Exercise input:
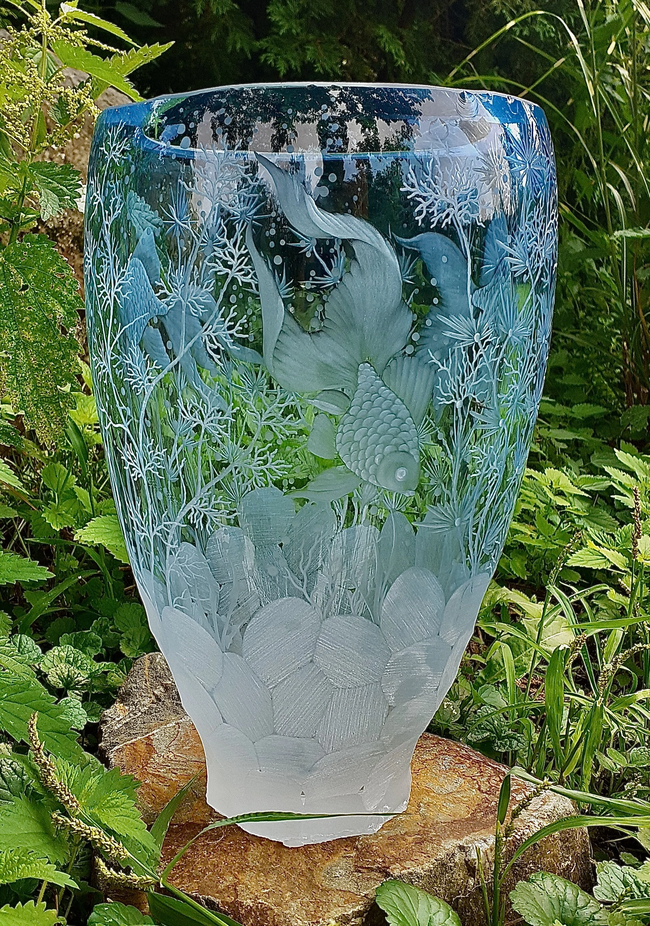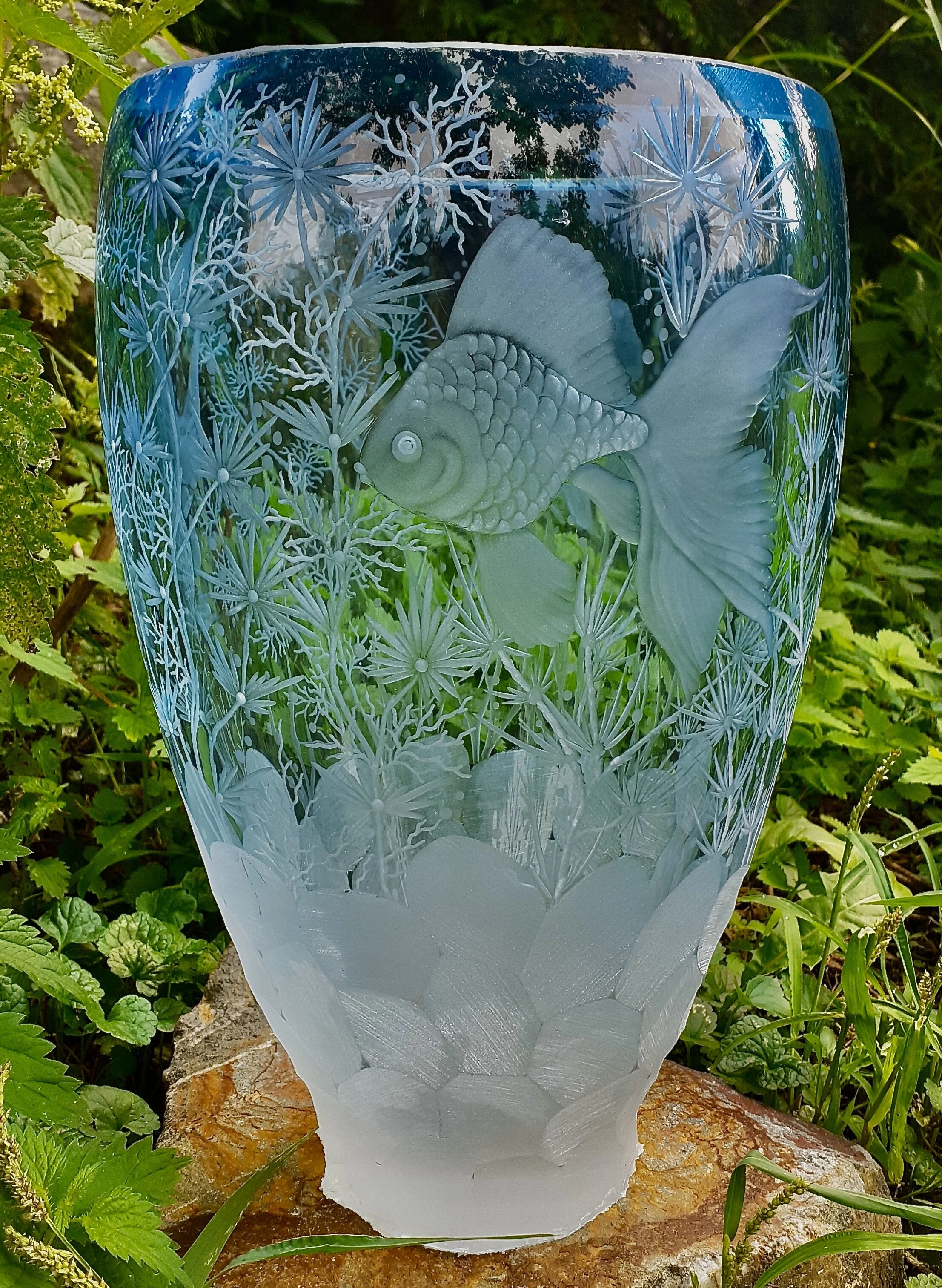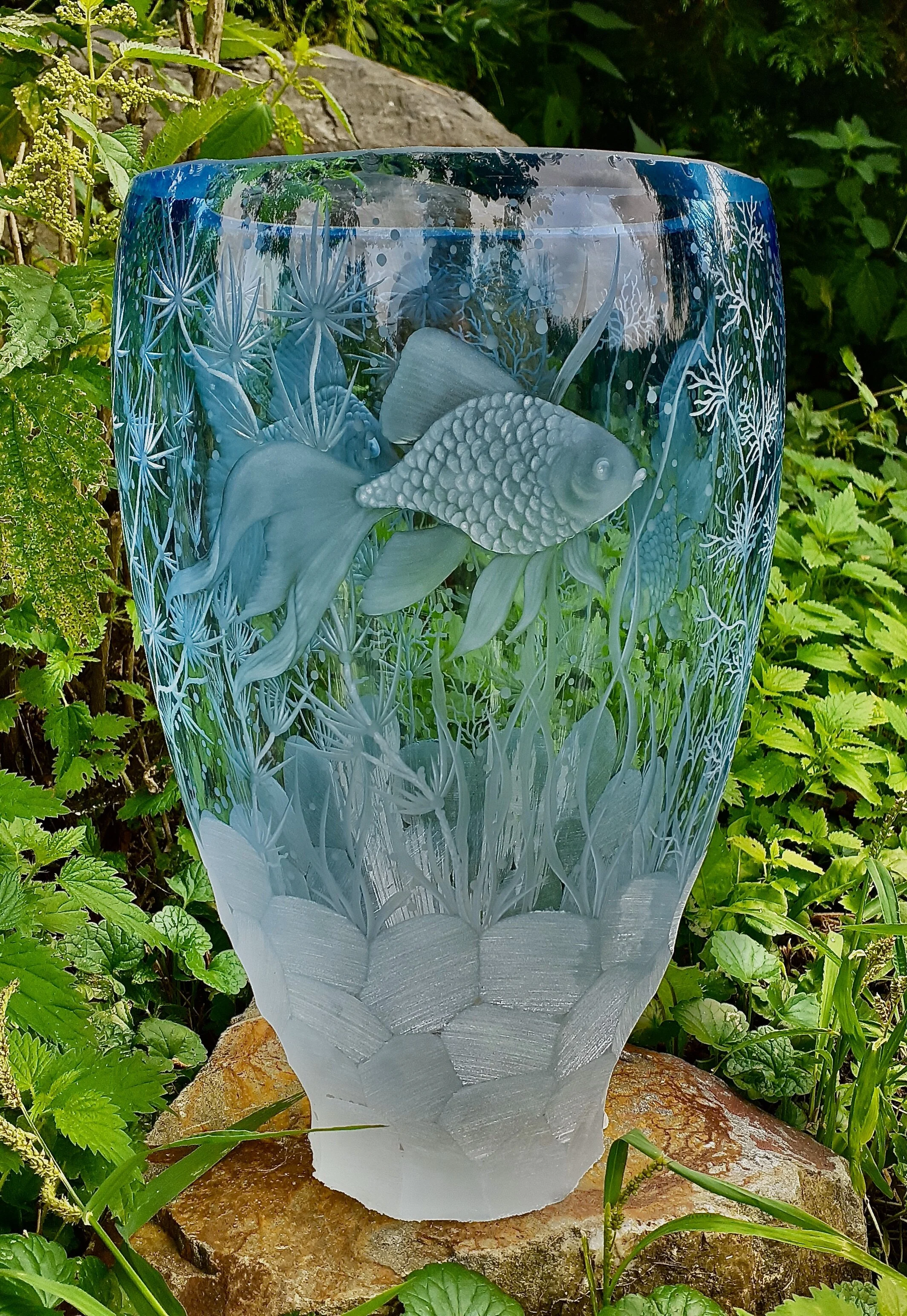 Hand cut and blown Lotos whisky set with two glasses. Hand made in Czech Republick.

* * *

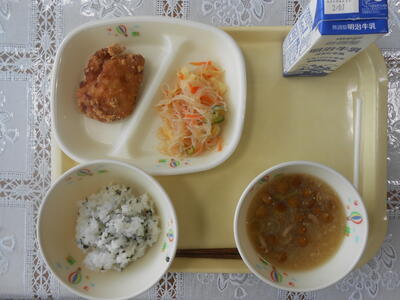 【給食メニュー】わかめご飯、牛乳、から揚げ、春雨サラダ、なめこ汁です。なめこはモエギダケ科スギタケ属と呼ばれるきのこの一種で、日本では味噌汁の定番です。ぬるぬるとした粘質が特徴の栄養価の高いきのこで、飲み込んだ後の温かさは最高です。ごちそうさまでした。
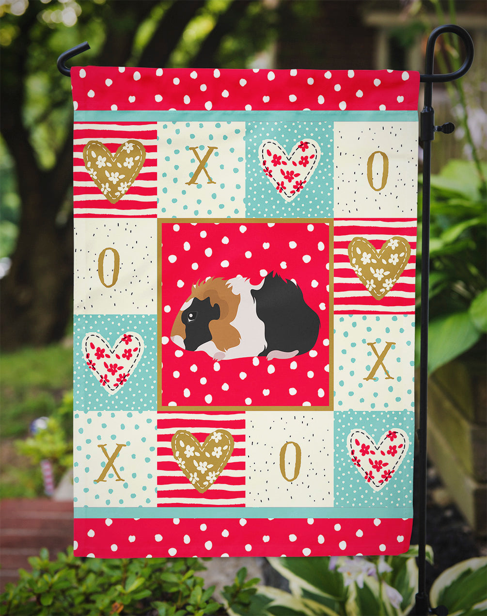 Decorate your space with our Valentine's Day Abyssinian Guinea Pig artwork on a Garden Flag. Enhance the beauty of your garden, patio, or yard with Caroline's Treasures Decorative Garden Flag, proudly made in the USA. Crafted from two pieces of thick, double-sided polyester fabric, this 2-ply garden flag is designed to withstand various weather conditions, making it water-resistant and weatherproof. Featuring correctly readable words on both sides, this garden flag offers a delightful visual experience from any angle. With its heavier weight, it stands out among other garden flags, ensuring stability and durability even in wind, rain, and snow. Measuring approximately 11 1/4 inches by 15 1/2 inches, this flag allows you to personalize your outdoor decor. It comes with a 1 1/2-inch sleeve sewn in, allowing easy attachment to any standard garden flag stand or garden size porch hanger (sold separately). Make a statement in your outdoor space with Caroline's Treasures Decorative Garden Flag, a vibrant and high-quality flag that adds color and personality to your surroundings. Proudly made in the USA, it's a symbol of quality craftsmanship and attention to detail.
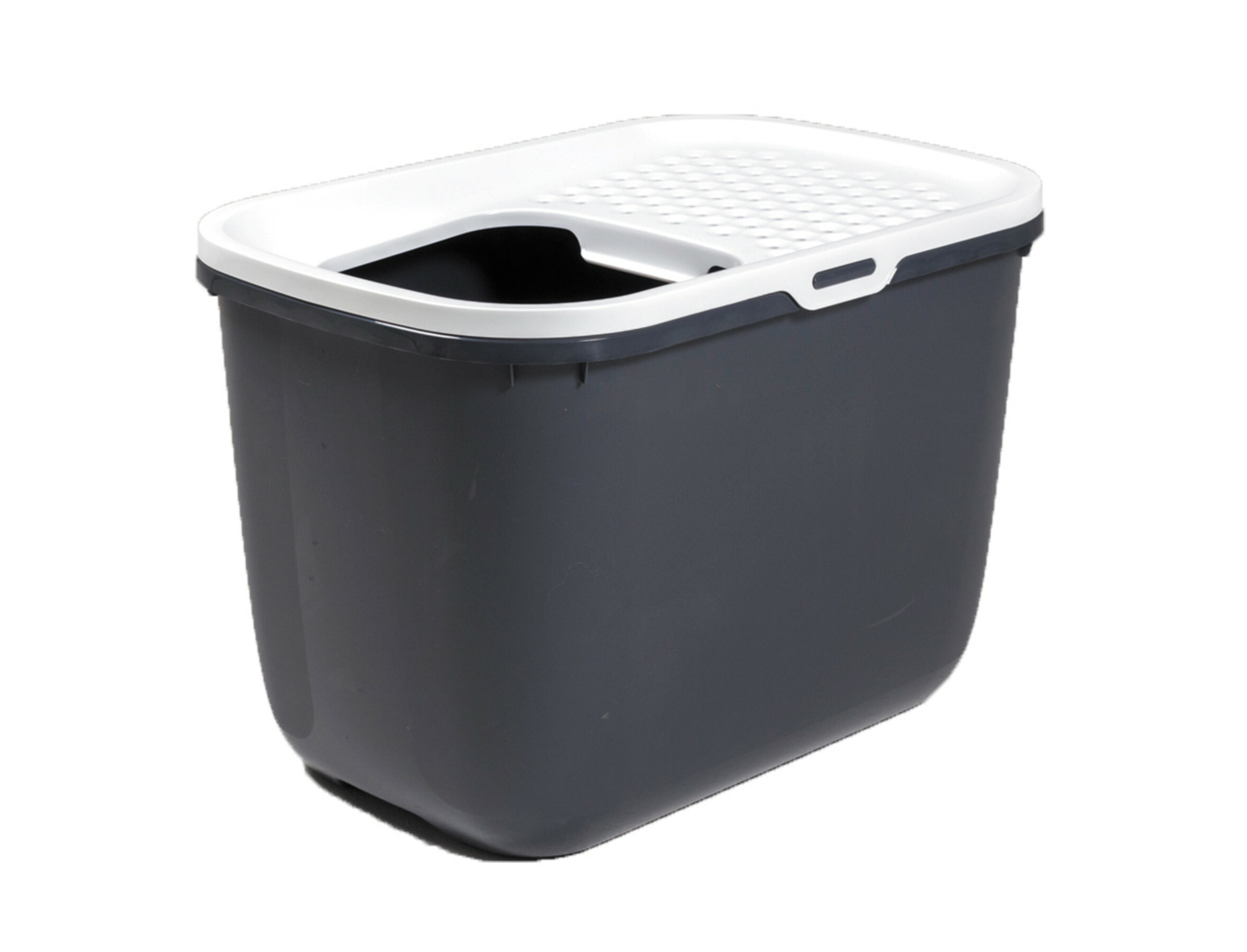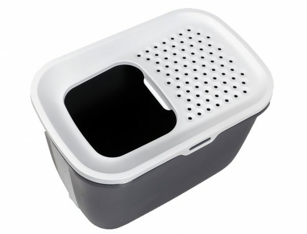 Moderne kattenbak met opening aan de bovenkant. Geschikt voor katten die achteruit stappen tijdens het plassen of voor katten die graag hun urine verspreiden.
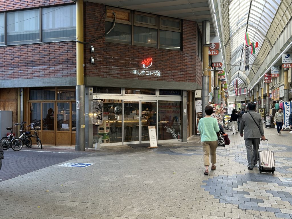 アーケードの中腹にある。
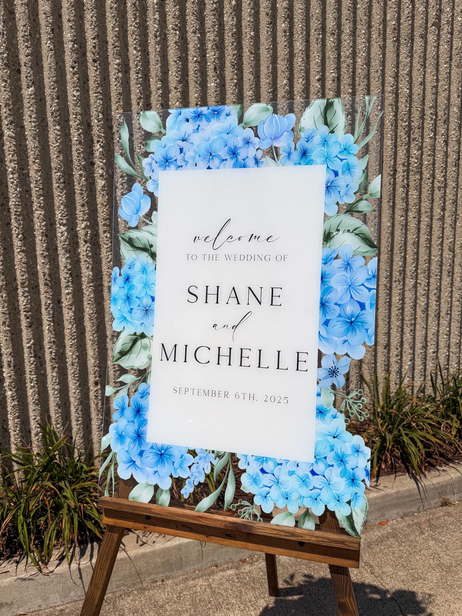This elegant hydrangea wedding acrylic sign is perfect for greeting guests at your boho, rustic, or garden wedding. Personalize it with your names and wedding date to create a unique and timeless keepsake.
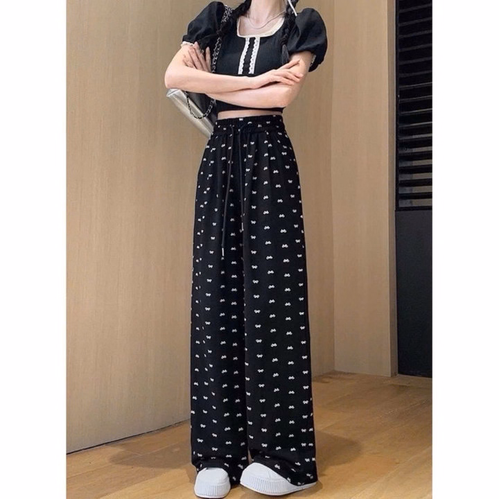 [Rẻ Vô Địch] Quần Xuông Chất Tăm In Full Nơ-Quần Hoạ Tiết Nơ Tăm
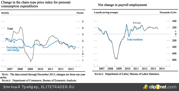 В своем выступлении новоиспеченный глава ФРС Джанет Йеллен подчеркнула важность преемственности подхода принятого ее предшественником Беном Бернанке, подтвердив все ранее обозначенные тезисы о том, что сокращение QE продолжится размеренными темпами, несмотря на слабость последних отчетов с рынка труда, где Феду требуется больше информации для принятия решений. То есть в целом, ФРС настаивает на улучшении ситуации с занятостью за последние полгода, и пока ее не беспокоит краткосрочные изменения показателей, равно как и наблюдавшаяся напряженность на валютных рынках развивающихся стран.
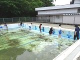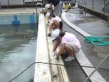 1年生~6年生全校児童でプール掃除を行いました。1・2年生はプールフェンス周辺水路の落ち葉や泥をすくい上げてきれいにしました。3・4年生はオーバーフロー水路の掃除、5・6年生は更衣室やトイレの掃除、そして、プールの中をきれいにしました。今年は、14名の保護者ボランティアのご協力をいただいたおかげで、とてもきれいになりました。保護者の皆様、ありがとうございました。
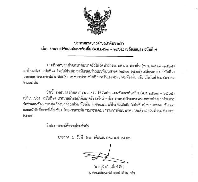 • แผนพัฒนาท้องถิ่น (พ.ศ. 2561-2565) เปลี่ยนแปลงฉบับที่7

What is required: Above are the records; please give again, exactly and in full, only the lines that run from the line with "1年生~6年生全校児童でプー" through the line with "(พ.ศ. 2561-2565) เปลี่ยนแปลงฉบับที่7", with no pictures.

Response to the task:
 1年生~6年生全校児童でプール掃除を行いました。1・2年生はプールフェンス周辺水路の落ち葉や泥をすくい上げてきれいにしました。3・4年生はオーバーフロー水路の掃除、5・6年生は更衣室やトイレの掃除、そして、プールの中をきれいにしました。今年は、14名の保護者ボランティアのご協力をいただいたおかげで、とてもきれいになりました。保護者の皆様、ありがとうございました。
 • แผนพัฒนาท้องถิ่น (พ.ศ. 2561-2565) เปลี่ยนแปลงฉบับที่7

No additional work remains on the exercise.